#### [PROBLEM STATEMENT]
Without the pictures, extract every line from the start of the material to the line containing "В форму для", both ends included.

══════════════════════════════

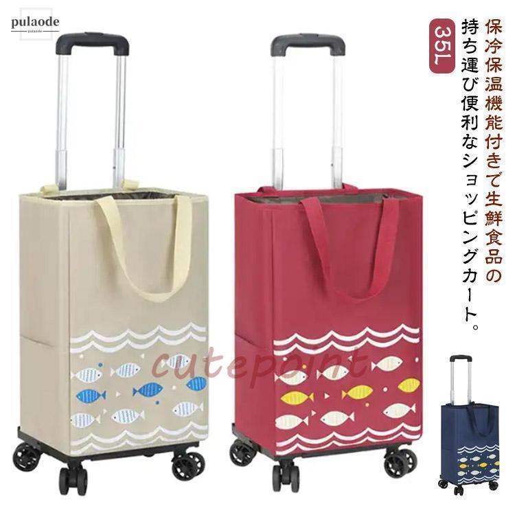 保温 保冷 ショッピングカート 4輪 折りたたみ 軽量 横押し 35L 大容量 ショッピングキャリー 巾着口 撥水加工 防水 自立 買い物カート キャ
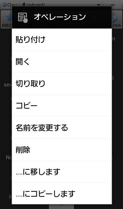 すると、「オペレーション」画面が表示されるので、「....にコピーします」を選択し、先ほど同期した接続先ディレクトリにコピーすることでアップロード可能となります。
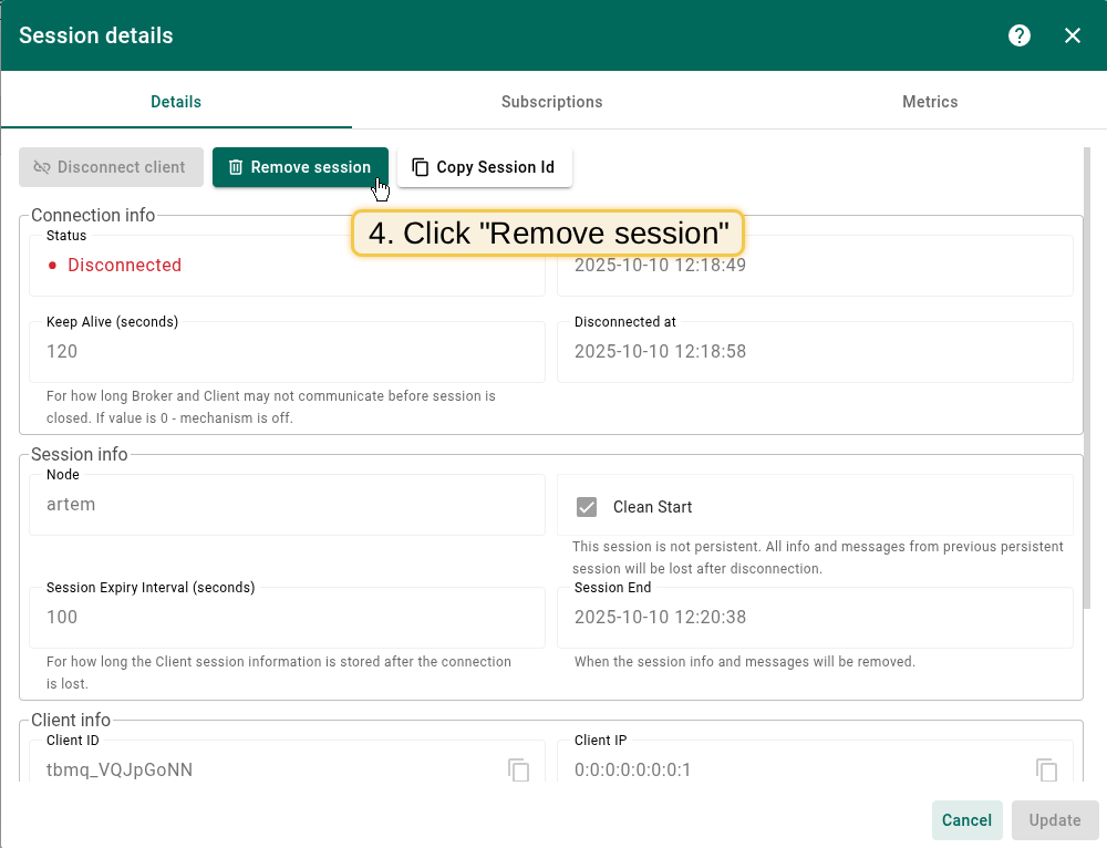• Session end - for persistent disconnected clients, when the session info and messages will be removed.
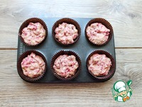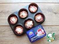 В форму для маффинов положите бумажные формочки для выпечки. В них положите тесто на 1/3 высоты формы. В серединку положите творожный сыр. |
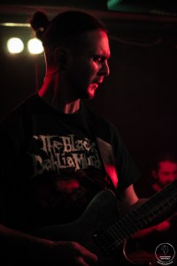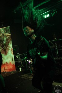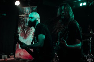 On commence donc avec Frakasm, que de notre côté on découvre ce soir. On sent rapidement que dans le public certains ont déjà vus le groupe et sont ravis de les retrouver après un an et demi sans dates. C’est parti pour une avalanche death servie par Butcher (chant) et sa bande. Les riffs sont percutants et font remuer les têtes sans effort. Les nordistes nous proposent un death métal efficace qui ne laisse personne indifférent. Les petites blagues du chanteur entre les titres renforcent la bonne ambiance qui règne déjà en ce début de soirée. A la rythmique on a le droit aux premiers blasts de la soirée pour s’échauffer les cervicales. Des morceaux comme « Fire In The Sky » ou « Sulphur Revenge » continuent d’impressionner le public avec des riffs toujours ciselés et des lignes de basse et de batterie prêtes à nous retourner les cervicales. Le groupe remercie tout le monde pour l’accueil et nous livre deux derniers titres très réussis qui confirment leur talent de composition et d’interprétation. Une belle découverte qu’on vous invite à faire au plus vite lors de leur prochains passages dans la région!
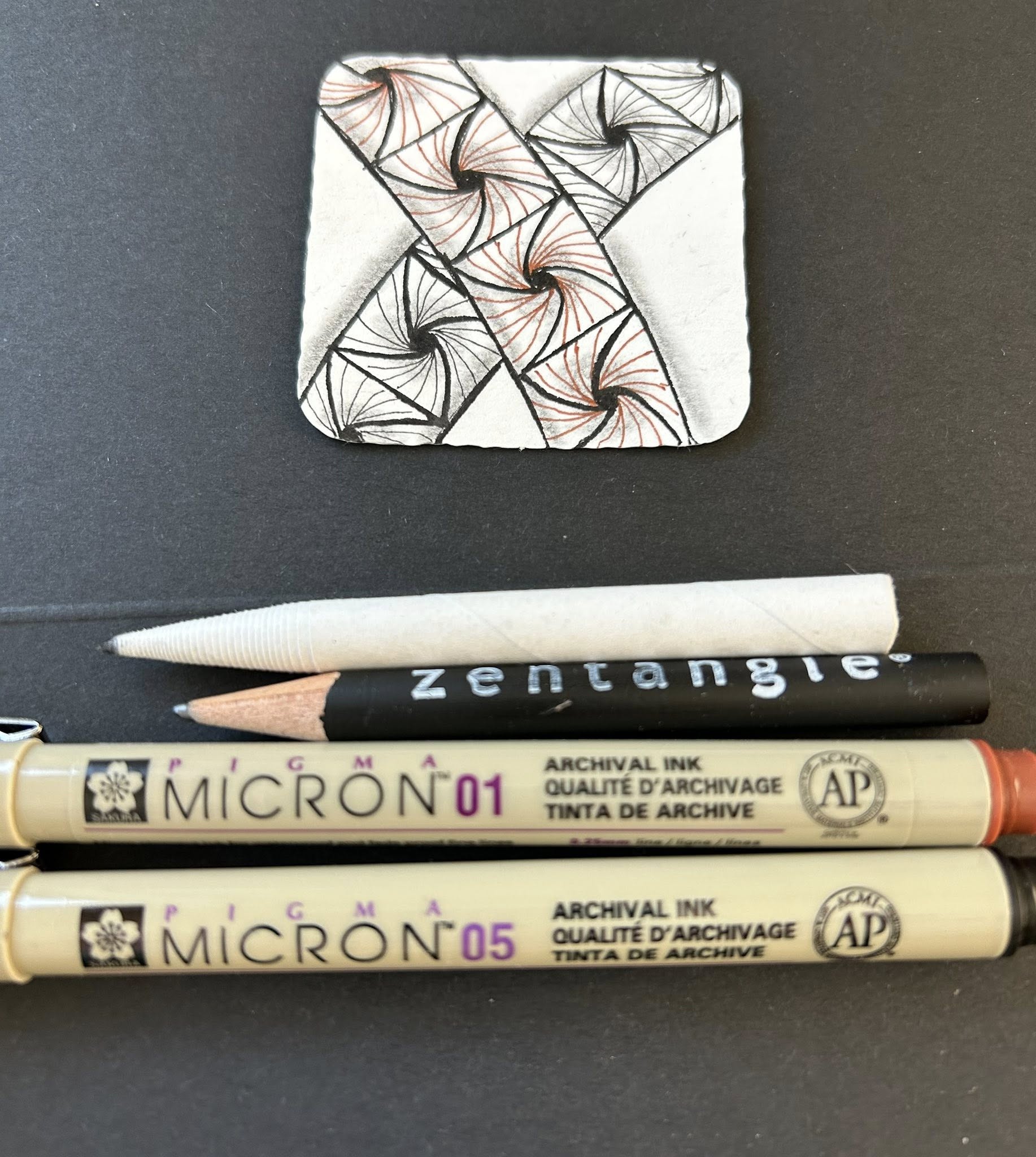 You'll need a quite place to work, a pen, pencil, blending stump or Q-tip, and drawing paper or Zentangle tile.
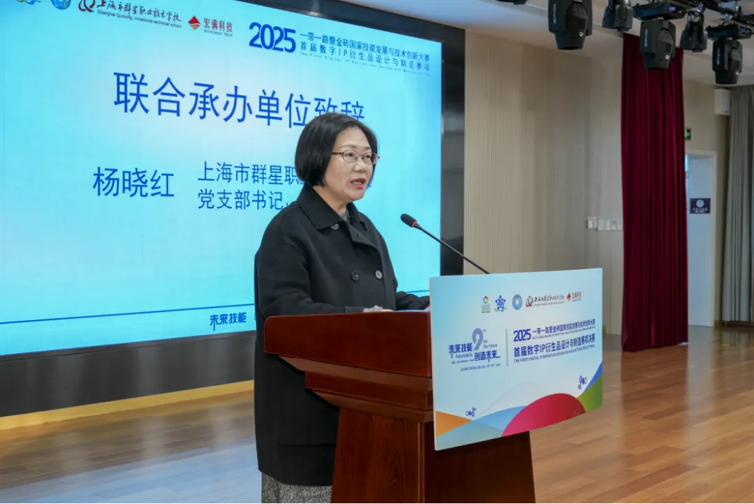 上海市群星职业技术学校党支部书记、校长杨晓红代表承办校致辞。她表示,数字IP衍生品作为文化价值与产业动能相结合的重要载体,承载着文化传承、技术创新与市场扩展的多重使命。一带一路倡议与金砖国家的合作机制为技能交流与技术创新搭建了更广阔的舞台。作为本次大赛的承办单位,学校将以专业高效的服务确保赛事公平、公正、公开举办。预祝各位选手在比赛中取得优异成绩。

══════════════════════════════

#### [SOLUTION TO THE PROBLEM]
 保温 保冷 ショッピングカート 4輪 折りたたみ 軽量 横押し 35L 大容量 ショッピングキャリー 巾着口 撥水加工 防水 自立 買い物カート キャ
 すると、「オペレーション」画面が表示されるので、「....にコピーします」を選択し、先ほど同期した接続先ディレクトリにコピーすることでアップロード可能となります。
• Session end - for persistent disconnected clients, when the session info and messages will be removed.
 В форму для маффинов положите бумажные формочки для выпечки. В них положите тесто на 1/3 высоты формы. В серединку положите творожный сыр. |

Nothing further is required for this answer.